Korean food is built on bold flavors: spicy pickled vegetables, sweet, smoky meats and pungent, salty stews. That can be a little intimidating for some American diners. But the authors of a new book called Koreatown hope to change that.
Deuki Hong and Matt Rodbard spent two years eating in Koreatowns, from Los Angeles to Atlanta to New York. Restaurants like Cho Dang Gol, a little place in Manhattan that’s known for its stews and house-made tofu, where we met for lunch. Rodbard ordered a bowl of kalbijjim — a short rib stew that’s savory and sweet, with a fiery kick. Hong says it’s a perfect example of Koreans cooking for Koreans.
“When we build restaurants, it’s for us. Because we miss home flavors, we miss the motherland,” says Hong. “It’s not like, Hey, let’s invite this critic in here, or this person. It’s not like we don’t care about you guys. It’s just not our focus. And yeah, we don’t really care.”
That’s great if you want Korean-Americans to eat at your restaurant. But it’s not so good if you’re trying to pull in large numbers of non-Korean diners, too.
“It’s really a ‘for us, by us’ mentality at a lot of restaurants,” says Rodbard. “You walk in, English is very limited, sometimes nonexistent. The cuisine just has not caught up with Thai or Japanese or even regional Chinese” in terms of popularity.
This is where Rodbard and Hong think their book can help. Rodbard is a food writer in Brooklyn. Hong is a 26-year-old Korean-American chef who’s worked in the kitchen at two acclaimed New York City restaurants, Momofuku and Jean-Georges. Now he runs his own well-regarded restaurant, Kang Ho Dong Baekjong, in New York’s Koreatown.
But Koreatown is no mere celebrity cookbook. Along with recipes, it features interviews, essays and original photos from Korean restaurants across the country. From the biggest Koreatown, in Los Angeles — said by some to have better Korean food than Seoul — to America’s fastest-growing K-town, in Atlanta, to its most dense and competitive, on 32nd Street in Manhattan, where, as Hong puts it, “you’ll see a [Korean] barbecue restaurant, right next to a barbecue restaurant, right across from a barbecue restaurant.”
Their cookbook does cover Korean barbecue, and other staples like kimchi and bibimbap. But Rodbard and Hong intentionally focused more on soups and stews, which they call the heart of Korean cooking — dishes like seoulleongtang, a beef bone broth that simmers for hours.

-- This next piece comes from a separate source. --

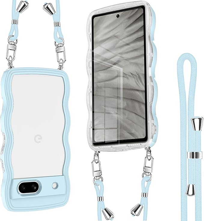 Google Pixel 6a ケース グーグルピクセル6a ケース ショルダー ストラップ1枚付き 紐付き 首掛け 肩がけ 斜め掛け 長さ調整可能 韓国人気 可愛い ウェーブケース ピクセル6a カバ-クリア ストラップホール付き 耐衝撃 シリコン クリア 純透明TPU バンパー 黄変防止 PC スマホケース ワイヤレス充電対応 pixel 6a・ピクセル6aブルー

“It’s super milky, creamy, and you get some of that oxtail,” says Hong. “That’s, like, what Koreans eat. It’s not like a pretty fancy or flashy dish that you introduce to your American friends.”
Hong and Rodbard tested recipes for seoulleongtang and dozens of other dishes at Hong’s walk-up apartment in Manhattan. They demonstrate one of those recipes: doenjang jigae, a stew with brisket and clams. The key ingredient is a fermented bean paste that’s like a funkier cousin of Japanese miso. Exactly how much you add is a matter of personal taste. As Rodbard explains, there’s a concept in Korean cooking called son mat — literally “taste by hand.”
“It’s using your hands, and using your taste to cook with,” Rodbard says. “So it’s difficult to sometimes put a number on a lot of this cooking.”
That made it hard when it came time to write down fixed amounts of ingredients for the recipes in the cookbook. In the end, Hong says they were steered by their tastebuds.
“We were always about, what’s so special about this dish. It’s that texture, it’s that flavor,” Hong says. The result may not be the most traditional cookbook. But it might help you find your new favorite spot in Koreatown.